Internet inaccessibility widening gender inequalities further

According to the Wide Web Foundation, more than two billion women are estimated to be offline, globally.


Photo credit: File | Nation Media Group

What you need to know:

  • Gender inequalities will expand even further if barriers to girls and women’s access to the internet are not removed.
  • By improving affordability of digital devices and giving girls scholarships to study technology related fields, countries will have progressed in bridging the gender digital divide.

Gender inequalities which have been widened by the impacts of Covid-19 will expand even further if barriers to girls and women’s access to the internet are not removed, activists said on Monday.

During a United Nations forum that marked the International Day of the Girl, advocate for the rights of girls with disabilities and a member of the UN Women Girls Advisory Group Isadora Guzmán, said exclusion from internet accessibility exposes her representative group to multiple forms of discrimination.

She urged governments to ensure all women and girls have equal access to the internet and digital technology. 

“If we work homogenously, thinking that we do not have differences, we will contribute to discrimination,” she said.

Affordability

UN Women Strategic Partnerships Division director Daniel Seymour, challenged countries to make deliberate efforts to expand women’s access to the internet.

“We have to get to a place where access to technology is not seen as something nice to have but as a critical enabler of equality. And so governments have to have policies to make that happen,” he said.

By improving affordability of digital devices such as the smart phones and laptops, and giving girls scholarships to study technology related fields, countries will have progressed in bridging the gender digital divide, he argued.

Digital divide

He said although education is a way out of the gender digital divide, adoption of remote learning has compromised the learning of millions of girls across the world who lack internet-enabled devices.

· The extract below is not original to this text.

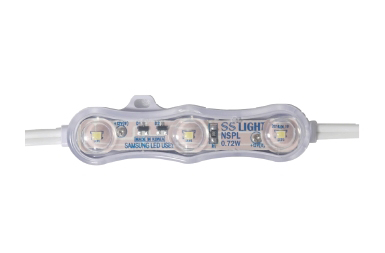 에스에스라이트는 다양한 종류의 사인용 모듈을 보유하고 있는 회사로, 삼성 LED Chip을 적용한 채널용 3구 모듈을 새롭게 출시하였다.본 제품은 독특한 디자인에 초음파 융착 방식의 캡타입으로 기존과 다른 새로운 방식을 채택하였으며, 130도 렌즈 채용으로 빛의 지향각을 넓힌 게 특징이다. 또한, DC12V의 낮은 전압용으로 안정성을 확보하였다. 0.72W/1.0W 2가지 타입으로 출시가 되며, 이 중 10W는 주문형으로 생산이 가능하다.

According to the Wide Web Foundation, globally, more than two billion women are estimated to be offline. And even where they have access to the internet, they are less likely than men to make full use of the opportunities associated with connectivity.

Of worry is that countries are making zero to little efforts to end the inequalities in access and use of digital technology.

A 2017 Alliance for Affordable Internet survey which analysed 58 countries in Latin America, the Caribbean, Africa, and Asia on the existence of policies designed to encourage increased access, training and use of the internet for women and girls proved this.

It found “very little to no discussion of the digital gender gap and possible responses to address the problem at the policy level,” in the respective countries.